===== Input data =====
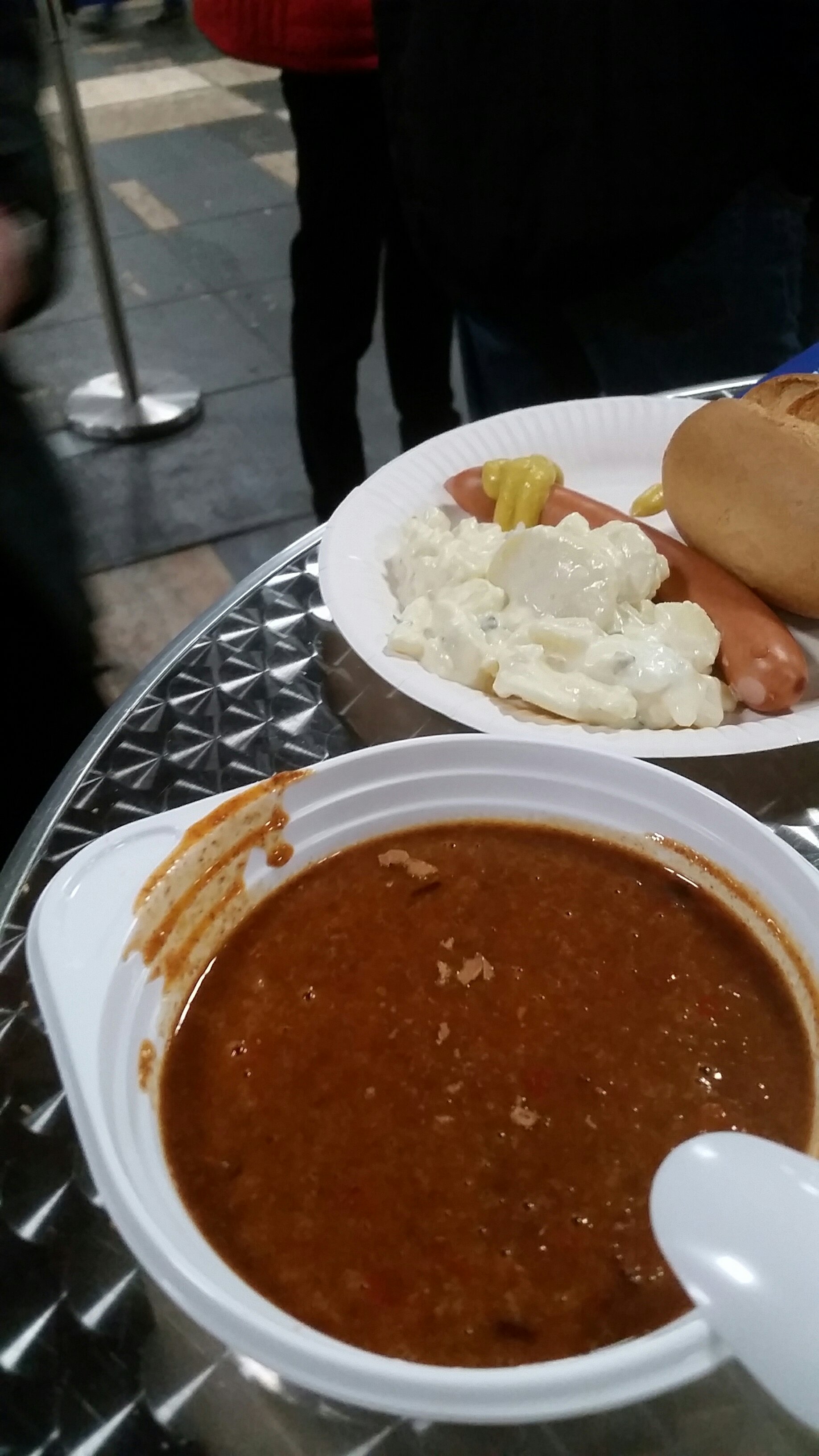 MM 18:21 – Es wird die bereits gewohnte Zitterpartie. Der rasende Reporter ist mit seinem Roller gerade erst am U-Bhf. Spittelmarkt eingefahren. Währenddessen genießen Ö und ich das kulinarische Angebot aus zweieinhalb Wochen gekochtes Chili con Carne und aufgeplatzter Wurst. Bisher also nichts neues.
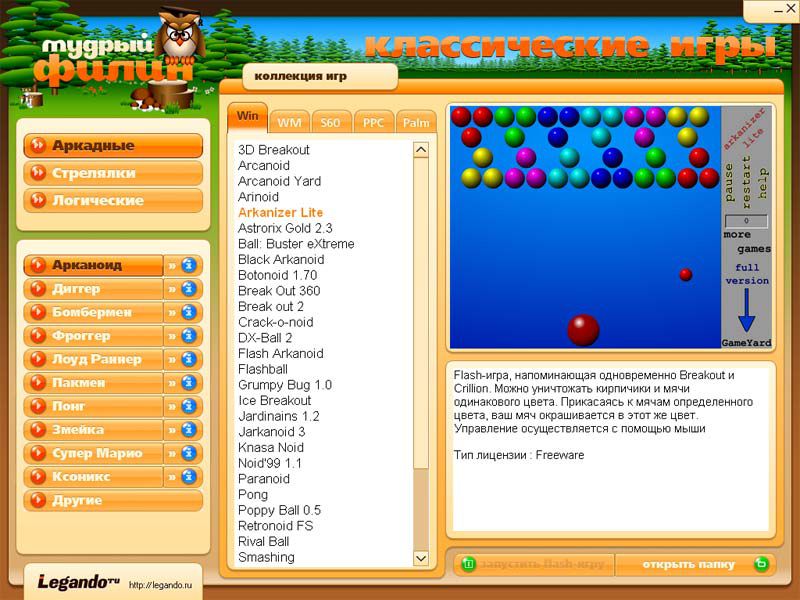 Радуйся, любитель настоящей игровой классики! Если тебя мучает ностальгия по таким играм, как «Арканоид», «Пакмен», «Диггер», «Фроггер», «Тетрис» и прочим другим, то этот сборник сможет тебе помочь! Он включает в себя ни много ни мало 800 компьютерных игр для PC, Pocket PC, Symbian S60, WM Smartphone и Palm OS, и практически все программы на этом диске – компьютерная классика. Каждая игра сопровождается скриншотом и описанием. Помимо этого, в сборник включена подборка статей по истории компьютерных игр – теперь ты сможешь узнать, кто и когда сделал твою любимую игру.
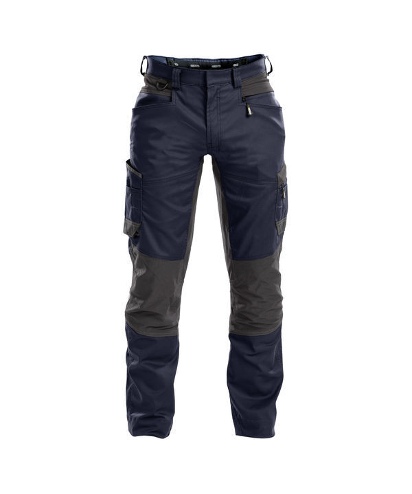 Pantalon bi-matière stretch. Fermeture à glissière, bouton jean caché, serrage élastique dos réglable. Taille abaissée. Insert stretch quadri-directionnel entrejambe, genoux, et enforme dos. Poches renforcées Cordura®. 2 poches italiennes. Poches arrières. Poche cuisse. Porte-crayon. Poche mètre. Poche cutter. Bouton pour porte couteau. Anneau en "D". Poche téléphone. Porte-badge détachable. Poche de sécurité zippée. Détails réfléchissants. | Coutures triples. Surpiqûres contrastées. Coupe ajustée. E.J. : 81 cm (+5 cm). 3 longueurs disponibles.
=====
• Work to be completed:
Output the full material exactly as given, without its pictures.

• Written solution:
 MM 18:21 – Es wird die bereits gewohnte Zitterpartie. Der rasende Reporter ist mit seinem Roller gerade erst am U-Bhf. Spittelmarkt eingefahren. Währenddessen genießen Ö und ich das kulinarische Angebot aus zweieinhalb Wochen gekochtes Chili con Carne und aufgeplatzter Wurst. Bisher also nichts neues.
 Радуйся, любитель настоящей игровой классики! Если тебя мучает ностальгия по таким играм, как «Арканоид», «Пакмен», «Диггер», «Фроггер», «Тетрис» и прочим другим, то этот сборник сможет тебе помочь! Он включает в себя ни много ни мало 800 компьютерных игр для PC, Pocket PC, Symbian S60, WM Smartphone и Palm OS, и практически все программы на этом диске – компьютерная классика. Каждая игра сопровождается скриншотом и описанием. Помимо этого, в сборник включена подборка статей по истории компьютерных игр – теперь ты сможешь узнать, кто и когда сделал твою любимую игру.
 Pantalon bi-matière stretch. Fermeture à glissière, bouton jean caché, serrage élastique dos réglable. Taille abaissée. Insert stretch quadri-directionnel entrejambe, genoux, et enforme dos. Poches renforcées Cordura®. 2 poches italiennes. Poches arrières. Poche cuisse. Porte-crayon. Poche mètre. Poche cutter. Bouton pour porte couteau. Anneau en "D". Poche téléphone. Porte-badge détachable. Poche de sécurité zippée. Détails réfléchissants. | Coutures triples. Surpiqûres contrastées. Coupe ajustée. E.J. : 81 cm (+5 cm). 3 longueurs disponibles.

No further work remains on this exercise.